### Source records:
▶
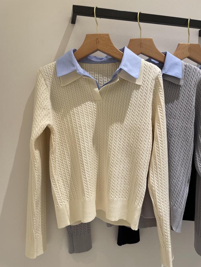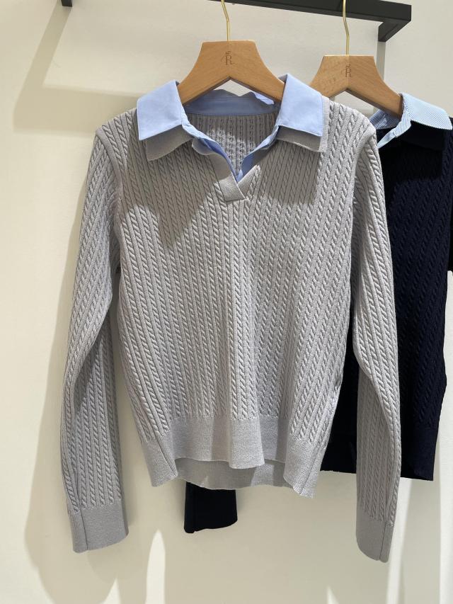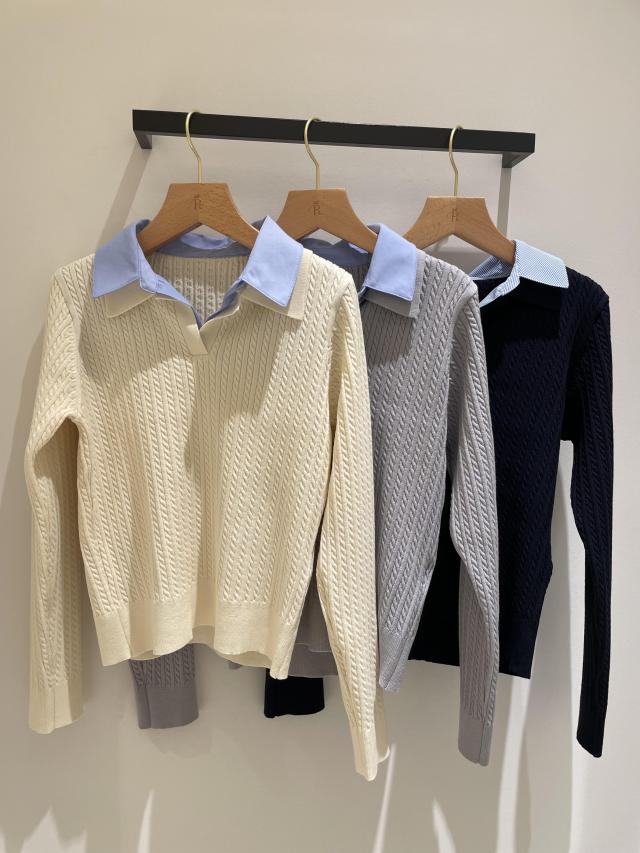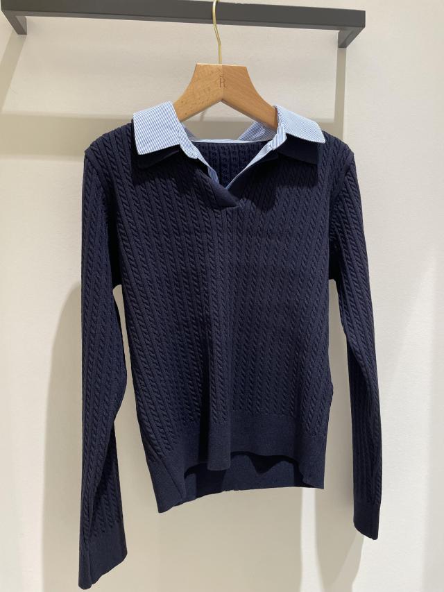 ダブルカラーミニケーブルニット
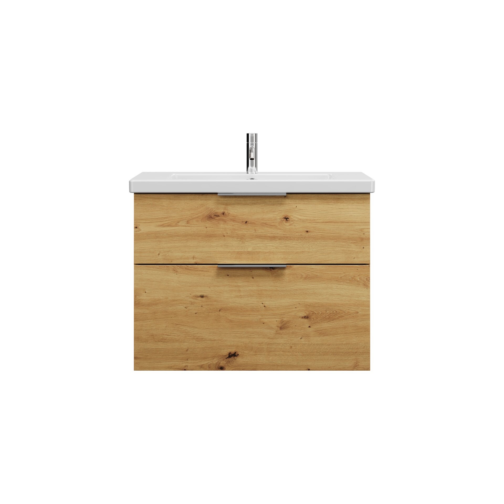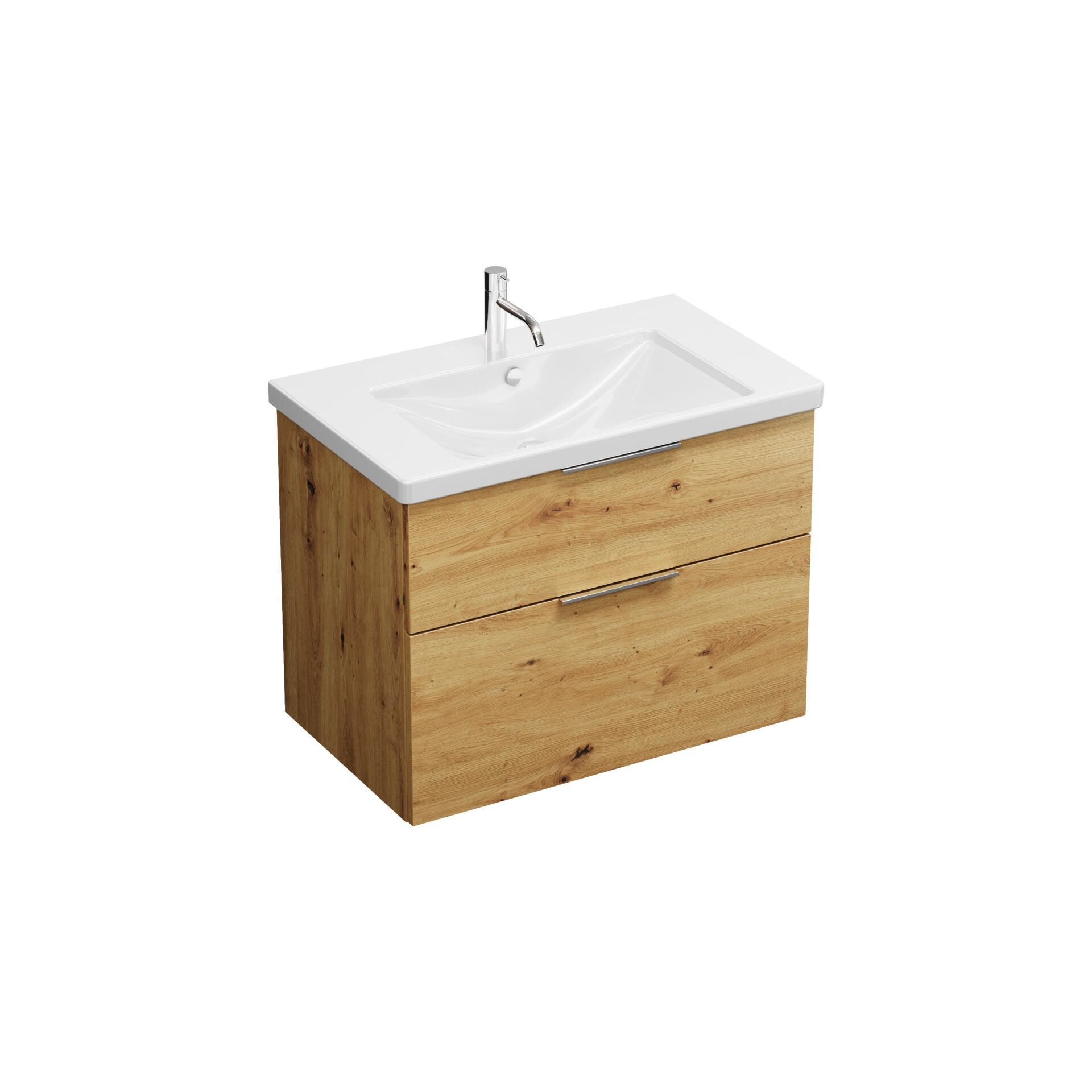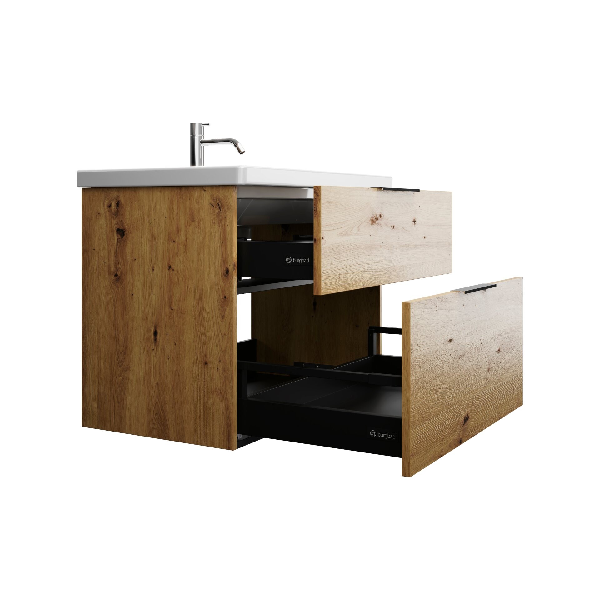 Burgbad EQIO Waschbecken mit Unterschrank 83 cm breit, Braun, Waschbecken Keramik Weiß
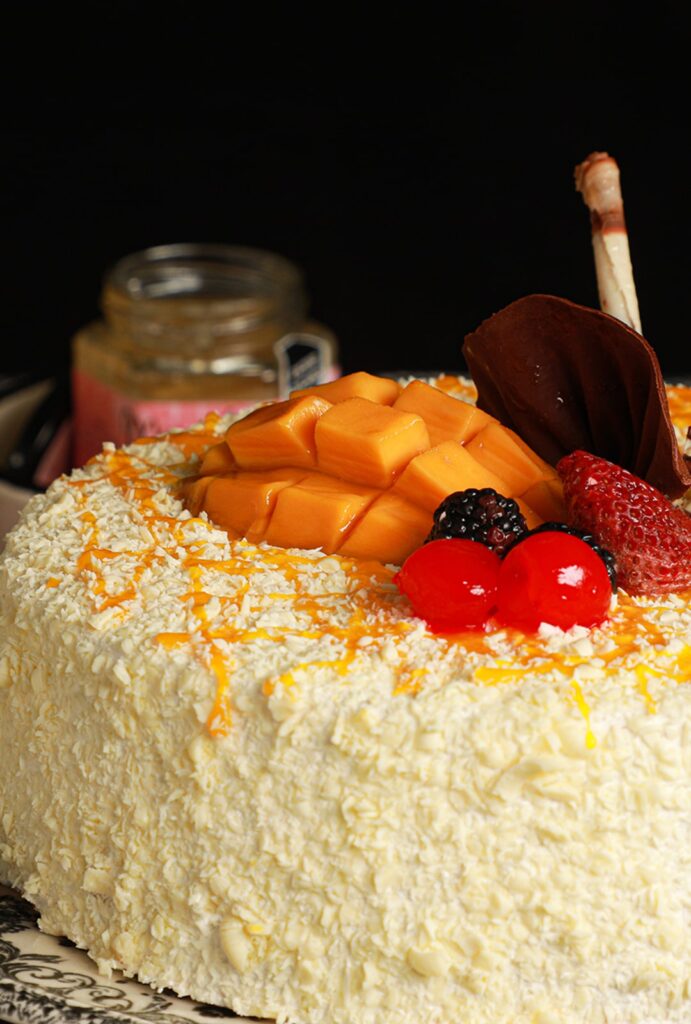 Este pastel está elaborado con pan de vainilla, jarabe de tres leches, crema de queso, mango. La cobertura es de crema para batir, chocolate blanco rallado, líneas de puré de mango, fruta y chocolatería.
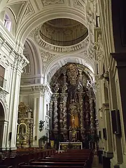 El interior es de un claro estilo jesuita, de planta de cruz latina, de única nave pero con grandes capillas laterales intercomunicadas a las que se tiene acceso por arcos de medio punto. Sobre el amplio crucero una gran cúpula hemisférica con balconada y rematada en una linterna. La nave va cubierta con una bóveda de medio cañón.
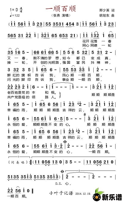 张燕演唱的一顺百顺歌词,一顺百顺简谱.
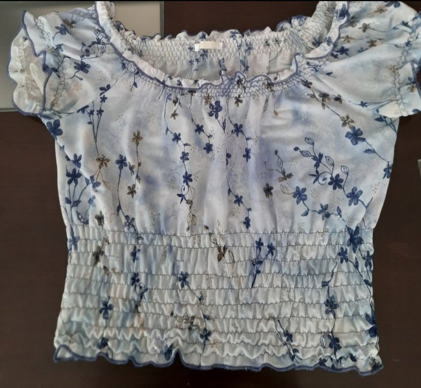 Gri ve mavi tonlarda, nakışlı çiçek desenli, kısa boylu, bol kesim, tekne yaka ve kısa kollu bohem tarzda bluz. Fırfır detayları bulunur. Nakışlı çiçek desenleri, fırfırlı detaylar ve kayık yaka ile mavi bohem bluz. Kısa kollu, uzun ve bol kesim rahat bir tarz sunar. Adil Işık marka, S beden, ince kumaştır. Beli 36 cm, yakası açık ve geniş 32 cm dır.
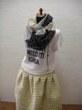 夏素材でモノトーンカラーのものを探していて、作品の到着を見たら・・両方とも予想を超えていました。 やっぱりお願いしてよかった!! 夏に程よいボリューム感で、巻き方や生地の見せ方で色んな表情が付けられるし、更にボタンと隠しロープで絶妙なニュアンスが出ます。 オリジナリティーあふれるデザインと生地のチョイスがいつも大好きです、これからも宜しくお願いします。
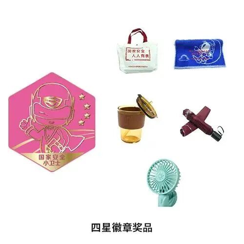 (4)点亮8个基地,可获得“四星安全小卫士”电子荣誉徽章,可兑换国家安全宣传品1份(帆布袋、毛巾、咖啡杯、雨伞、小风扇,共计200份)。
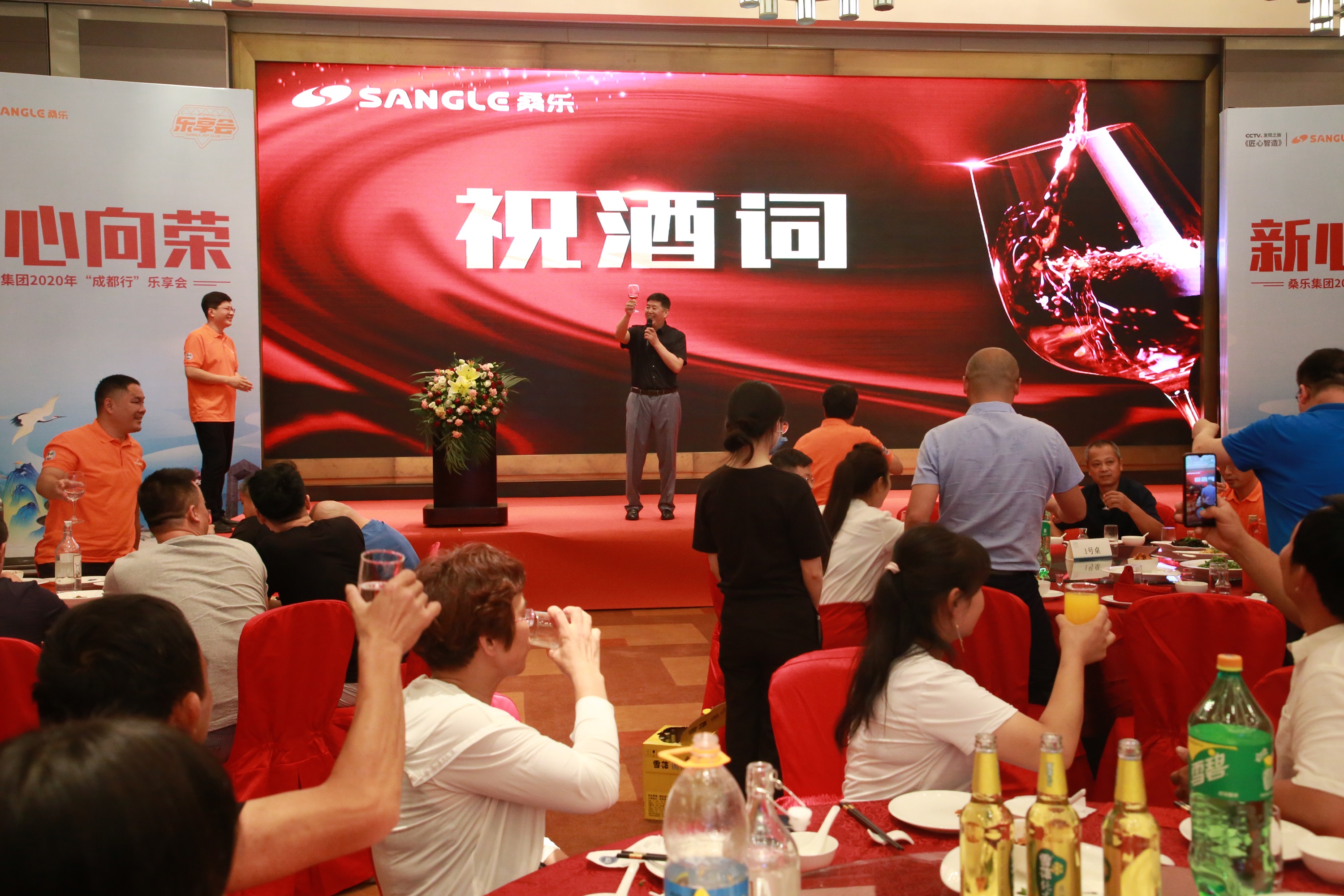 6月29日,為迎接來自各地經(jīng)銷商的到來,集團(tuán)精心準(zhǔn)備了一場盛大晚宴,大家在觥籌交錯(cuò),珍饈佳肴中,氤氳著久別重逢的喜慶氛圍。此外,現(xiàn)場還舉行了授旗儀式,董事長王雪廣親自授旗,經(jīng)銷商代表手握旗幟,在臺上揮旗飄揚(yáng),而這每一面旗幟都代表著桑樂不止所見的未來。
◀
### What you will do:
Each entry above should be written out again exactly, without its pictures.

### Answer for the task:
 ダブルカラーミニケーブルニット
 Burgbad EQIO Waschbecken mit Unterschrank 83 cm breit, Braun, Waschbecken Keramik Weiß
 Este pastel está elaborado con pan de vainilla, jarabe de tres leches, crema de queso, mango. La cobertura es de crema para batir, chocolate blanco rallado, líneas de puré de mango, fruta y chocolatería.
 El interior es de un claro estilo jesuita, de planta de cruz latina, de única nave pero con grandes capillas laterales intercomunicadas a las que se tiene acceso por arcos de medio punto. Sobre el amplio crucero una gran cúpula hemisférica con balconada y rematada en una linterna. La nave va cubierta con una bóveda de medio cañón.
 张燕演唱的一顺百顺歌词,一顺百顺简谱.
 Gri ve mavi tonlarda, nakışlı çiçek desenli, kısa boylu, bol kesim, tekne yaka ve kısa kollu bohem tarzda bluz. Fırfır detayları bulunur. Nakışlı çiçek desenleri, fırfırlı detaylar ve kayık yaka ile mavi bohem bluz. Kısa kollu, uzun ve bol kesim rahat bir tarz sunar. Adil Işık marka, S beden, ince kumaştır. Beli 36 cm, yakası açık ve geniş 32 cm dır.
 夏素材でモノトーンカラーのものを探していて、作品の到着を見たら・・両方とも予想を超えていました。 やっぱりお願いしてよかった!! 夏に程よいボリューム感で、巻き方や生地の見せ方で色んな表情が付けられるし、更にボタンと隠しロープで絶妙なニュアンスが出ます。 オリジナリティーあふれるデザインと生地のチョイスがいつも大好きです、これからも宜しくお願いします。
 (4)点亮8个基地,可获得“四星安全小卫士”电子荣誉徽章,可兑换国家安全宣传品1份(帆布袋、毛巾、咖啡杯、雨伞、小风扇,共计200份)。
 6月29日,為迎接來自各地經(jīng)銷商的到來,集團(tuán)精心準(zhǔn)備了一場盛大晚宴,大家在觥籌交錯(cuò),珍饈佳肴中,氤氳著久別重逢的喜慶氛圍。此外,現(xiàn)場還舉行了授旗儀式,董事長王雪廣親自授旗,經(jīng)銷商代表手握旗幟,在臺上揮旗飄揚(yáng),而這每一面旗幟都代表著桑樂不止所見的未來。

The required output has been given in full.